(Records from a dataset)
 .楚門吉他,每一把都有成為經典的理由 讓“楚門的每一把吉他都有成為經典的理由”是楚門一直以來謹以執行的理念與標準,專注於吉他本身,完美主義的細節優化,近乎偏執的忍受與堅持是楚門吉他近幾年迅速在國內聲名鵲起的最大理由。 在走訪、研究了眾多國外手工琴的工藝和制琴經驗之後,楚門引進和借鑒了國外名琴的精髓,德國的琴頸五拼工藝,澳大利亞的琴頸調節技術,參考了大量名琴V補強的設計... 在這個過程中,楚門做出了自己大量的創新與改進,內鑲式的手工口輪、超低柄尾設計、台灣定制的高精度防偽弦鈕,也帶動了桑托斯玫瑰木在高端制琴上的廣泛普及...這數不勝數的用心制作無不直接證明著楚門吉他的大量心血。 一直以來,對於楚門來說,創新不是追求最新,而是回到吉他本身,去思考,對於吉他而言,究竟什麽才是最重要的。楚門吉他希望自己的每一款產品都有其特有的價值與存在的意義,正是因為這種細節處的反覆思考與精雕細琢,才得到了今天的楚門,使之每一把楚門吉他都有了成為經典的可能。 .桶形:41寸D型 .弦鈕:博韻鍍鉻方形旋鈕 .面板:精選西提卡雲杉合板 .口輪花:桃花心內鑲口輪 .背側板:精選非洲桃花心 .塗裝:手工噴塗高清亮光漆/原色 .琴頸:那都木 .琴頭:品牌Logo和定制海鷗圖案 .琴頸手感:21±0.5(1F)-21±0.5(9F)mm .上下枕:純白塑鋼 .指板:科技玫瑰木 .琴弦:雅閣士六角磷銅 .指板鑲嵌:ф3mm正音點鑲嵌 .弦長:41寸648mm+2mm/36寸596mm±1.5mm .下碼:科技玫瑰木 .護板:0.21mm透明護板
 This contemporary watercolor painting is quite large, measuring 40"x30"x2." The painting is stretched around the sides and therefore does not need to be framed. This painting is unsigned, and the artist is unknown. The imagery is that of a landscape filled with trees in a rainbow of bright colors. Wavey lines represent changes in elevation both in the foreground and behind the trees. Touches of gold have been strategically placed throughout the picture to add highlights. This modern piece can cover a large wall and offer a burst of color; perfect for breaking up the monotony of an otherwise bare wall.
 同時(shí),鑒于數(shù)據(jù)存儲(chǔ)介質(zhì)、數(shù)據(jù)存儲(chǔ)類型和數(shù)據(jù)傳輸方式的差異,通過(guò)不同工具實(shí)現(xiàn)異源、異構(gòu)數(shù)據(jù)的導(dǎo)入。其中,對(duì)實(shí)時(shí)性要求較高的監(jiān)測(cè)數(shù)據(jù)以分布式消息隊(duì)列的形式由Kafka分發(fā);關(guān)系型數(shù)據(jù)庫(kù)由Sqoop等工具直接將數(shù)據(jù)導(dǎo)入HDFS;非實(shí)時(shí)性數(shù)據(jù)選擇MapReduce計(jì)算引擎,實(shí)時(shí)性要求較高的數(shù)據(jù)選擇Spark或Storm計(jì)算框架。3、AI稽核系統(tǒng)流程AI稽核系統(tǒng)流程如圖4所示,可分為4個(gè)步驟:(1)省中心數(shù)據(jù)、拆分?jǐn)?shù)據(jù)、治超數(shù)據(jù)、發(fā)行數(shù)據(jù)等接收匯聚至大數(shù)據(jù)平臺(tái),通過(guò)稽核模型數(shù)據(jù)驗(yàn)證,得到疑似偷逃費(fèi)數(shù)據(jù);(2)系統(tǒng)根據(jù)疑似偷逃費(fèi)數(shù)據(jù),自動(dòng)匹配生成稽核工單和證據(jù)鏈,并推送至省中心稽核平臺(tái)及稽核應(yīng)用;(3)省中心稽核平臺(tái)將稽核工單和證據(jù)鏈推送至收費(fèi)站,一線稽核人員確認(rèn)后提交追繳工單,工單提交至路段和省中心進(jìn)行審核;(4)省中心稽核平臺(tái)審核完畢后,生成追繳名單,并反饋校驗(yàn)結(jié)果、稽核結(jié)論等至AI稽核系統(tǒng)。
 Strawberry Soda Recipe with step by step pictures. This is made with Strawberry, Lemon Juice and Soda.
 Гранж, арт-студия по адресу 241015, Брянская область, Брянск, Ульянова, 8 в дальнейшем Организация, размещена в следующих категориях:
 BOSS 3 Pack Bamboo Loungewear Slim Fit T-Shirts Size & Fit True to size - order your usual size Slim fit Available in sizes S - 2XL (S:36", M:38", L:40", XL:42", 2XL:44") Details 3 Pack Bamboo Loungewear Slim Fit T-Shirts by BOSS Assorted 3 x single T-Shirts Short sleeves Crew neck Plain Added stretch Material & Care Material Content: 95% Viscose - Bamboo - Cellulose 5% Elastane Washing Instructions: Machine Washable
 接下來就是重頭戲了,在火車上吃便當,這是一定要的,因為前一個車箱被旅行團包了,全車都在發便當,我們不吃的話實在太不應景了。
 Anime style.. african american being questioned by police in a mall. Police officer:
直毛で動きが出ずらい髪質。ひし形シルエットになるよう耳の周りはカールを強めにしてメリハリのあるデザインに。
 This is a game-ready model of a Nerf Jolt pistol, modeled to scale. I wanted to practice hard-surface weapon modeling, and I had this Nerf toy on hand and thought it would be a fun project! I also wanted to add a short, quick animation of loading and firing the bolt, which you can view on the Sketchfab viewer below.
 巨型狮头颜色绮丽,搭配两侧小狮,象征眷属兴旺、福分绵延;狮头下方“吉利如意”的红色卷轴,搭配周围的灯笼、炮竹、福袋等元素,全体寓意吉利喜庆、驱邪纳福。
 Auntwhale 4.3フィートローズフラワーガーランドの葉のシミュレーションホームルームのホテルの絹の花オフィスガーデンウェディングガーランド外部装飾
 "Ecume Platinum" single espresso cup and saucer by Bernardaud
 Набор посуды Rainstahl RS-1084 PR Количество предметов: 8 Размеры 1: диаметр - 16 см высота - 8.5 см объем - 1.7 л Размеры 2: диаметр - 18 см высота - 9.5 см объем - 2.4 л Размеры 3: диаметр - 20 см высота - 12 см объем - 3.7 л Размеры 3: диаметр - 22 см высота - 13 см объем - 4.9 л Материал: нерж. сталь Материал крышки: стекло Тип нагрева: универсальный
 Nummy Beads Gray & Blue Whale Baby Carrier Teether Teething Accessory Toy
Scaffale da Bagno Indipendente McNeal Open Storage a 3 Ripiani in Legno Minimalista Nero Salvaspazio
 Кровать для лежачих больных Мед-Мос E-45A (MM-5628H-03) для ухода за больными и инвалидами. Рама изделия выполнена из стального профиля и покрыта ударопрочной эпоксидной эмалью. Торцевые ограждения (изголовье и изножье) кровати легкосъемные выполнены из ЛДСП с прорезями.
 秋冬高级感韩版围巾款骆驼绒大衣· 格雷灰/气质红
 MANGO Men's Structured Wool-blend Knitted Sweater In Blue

== TASK INSTRUCTIONS ==
The required output is the line containing "Кровать для лежачих" through the last line of the records above, each copied exactly and nothing more.

== ANSWER ==
 Кровать для лежачих больных Мед-Мос E-45A (MM-5628H-03) для ухода за больными и инвалидами. Рама изделия выполнена из стального профиля и покрыта ударопрочной эпоксидной эмалью. Торцевые ограждения (изголовье и изножье) кровати легкосъемные выполнены из ЛДСП с прорезями.
 秋冬高级感韩版围巾款骆驼绒大衣· 格雷灰/气质红
 MANGO Men's Structured Wool-blend Knitted Sweater In Blue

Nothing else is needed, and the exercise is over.